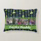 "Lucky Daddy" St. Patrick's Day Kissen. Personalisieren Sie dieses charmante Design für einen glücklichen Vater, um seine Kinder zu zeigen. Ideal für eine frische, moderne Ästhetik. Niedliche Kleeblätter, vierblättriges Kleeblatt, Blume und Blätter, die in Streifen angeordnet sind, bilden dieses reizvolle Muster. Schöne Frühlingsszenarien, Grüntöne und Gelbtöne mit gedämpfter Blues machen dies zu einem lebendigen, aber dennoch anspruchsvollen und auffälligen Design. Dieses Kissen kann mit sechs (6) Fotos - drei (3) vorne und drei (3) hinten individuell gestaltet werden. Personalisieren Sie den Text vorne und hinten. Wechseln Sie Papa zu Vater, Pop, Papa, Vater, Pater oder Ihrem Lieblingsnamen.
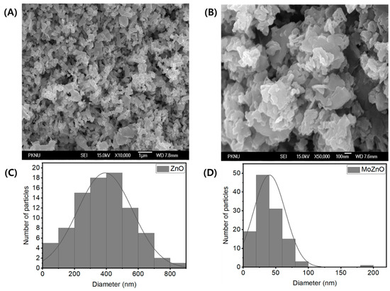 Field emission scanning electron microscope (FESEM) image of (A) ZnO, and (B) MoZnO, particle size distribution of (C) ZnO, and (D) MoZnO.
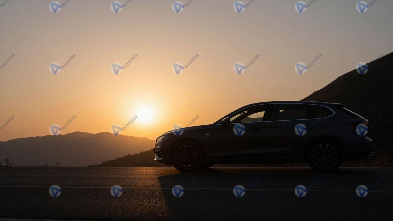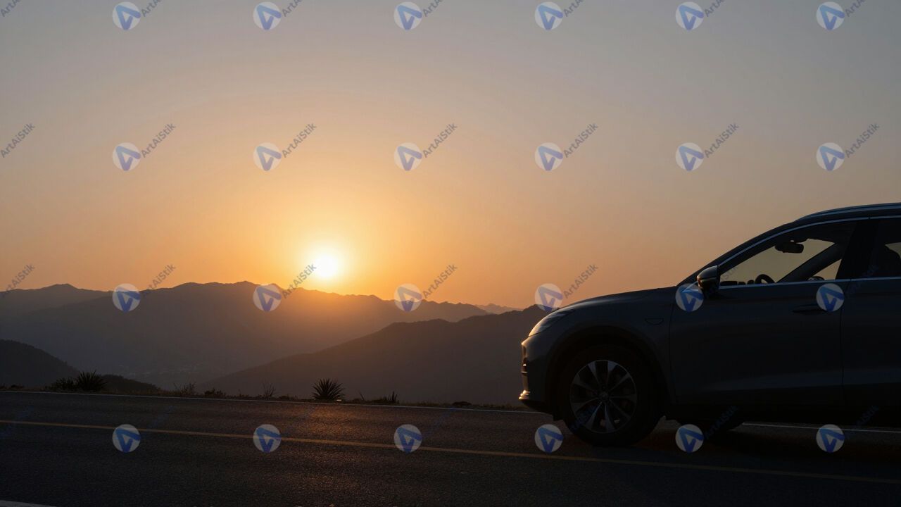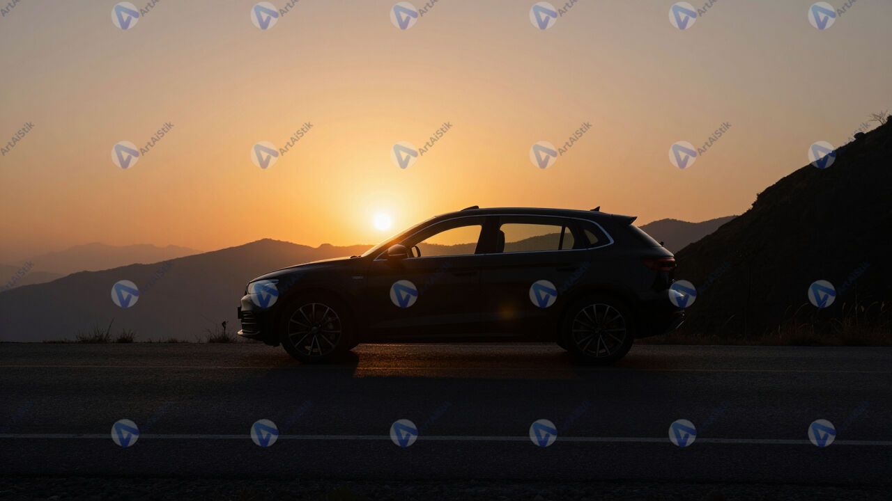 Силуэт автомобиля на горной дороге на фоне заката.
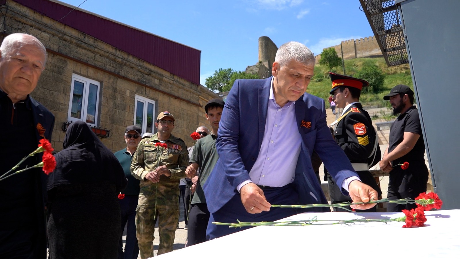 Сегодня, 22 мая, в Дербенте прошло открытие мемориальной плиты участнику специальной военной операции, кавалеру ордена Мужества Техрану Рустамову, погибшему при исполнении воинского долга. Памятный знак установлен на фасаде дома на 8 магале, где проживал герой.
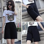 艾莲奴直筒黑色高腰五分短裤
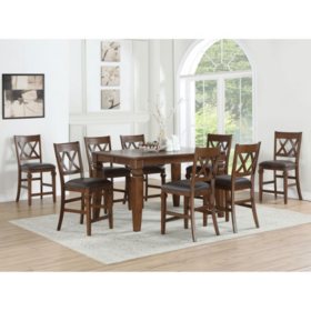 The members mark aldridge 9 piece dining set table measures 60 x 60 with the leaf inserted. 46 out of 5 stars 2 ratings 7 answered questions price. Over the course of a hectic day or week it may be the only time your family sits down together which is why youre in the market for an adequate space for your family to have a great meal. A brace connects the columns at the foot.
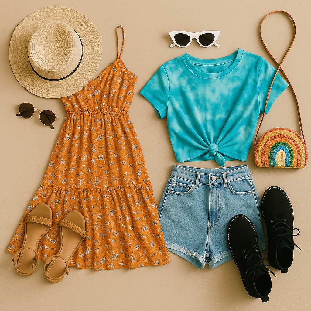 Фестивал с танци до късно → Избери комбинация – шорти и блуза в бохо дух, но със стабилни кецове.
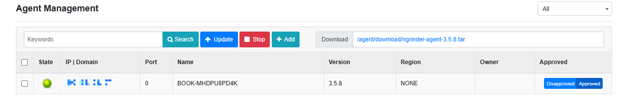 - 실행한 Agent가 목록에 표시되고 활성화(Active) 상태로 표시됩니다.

********

• WHAT YOU HAVE TO DO: Up to and including the line containing "Field emission scanning", repeat every line from the start of the data, but none of the pictures.

• EXERCISE RESPONSE:
 "Lucky Daddy" St. Patrick's Day Kissen. Personalisieren Sie dieses charmante Design für einen glücklichen Vater, um seine Kinder zu zeigen. Ideal für eine frische, moderne Ästhetik. Niedliche Kleeblätter, vierblättriges Kleeblatt, Blume und Blätter, die in Streifen angeordnet sind, bilden dieses reizvolle Muster. Schöne Frühlingsszenarien, Grüntöne und Gelbtöne mit gedämpfter Blues machen dies zu einem lebendigen, aber dennoch anspruchsvollen und auffälligen Design. Dieses Kissen kann mit sechs (6) Fotos - drei (3) vorne und drei (3) hinten individuell gestaltet werden. Personalisieren Sie den Text vorne und hinten. Wechseln Sie Papa zu Vater, Pop, Papa, Vater, Pater oder Ihrem Lieblingsnamen.
 Field emission scanning electron microscope (FESEM) image of (A) ZnO, and (B) MoZnO, particle size distribution of (C) ZnO, and (D) MoZnO.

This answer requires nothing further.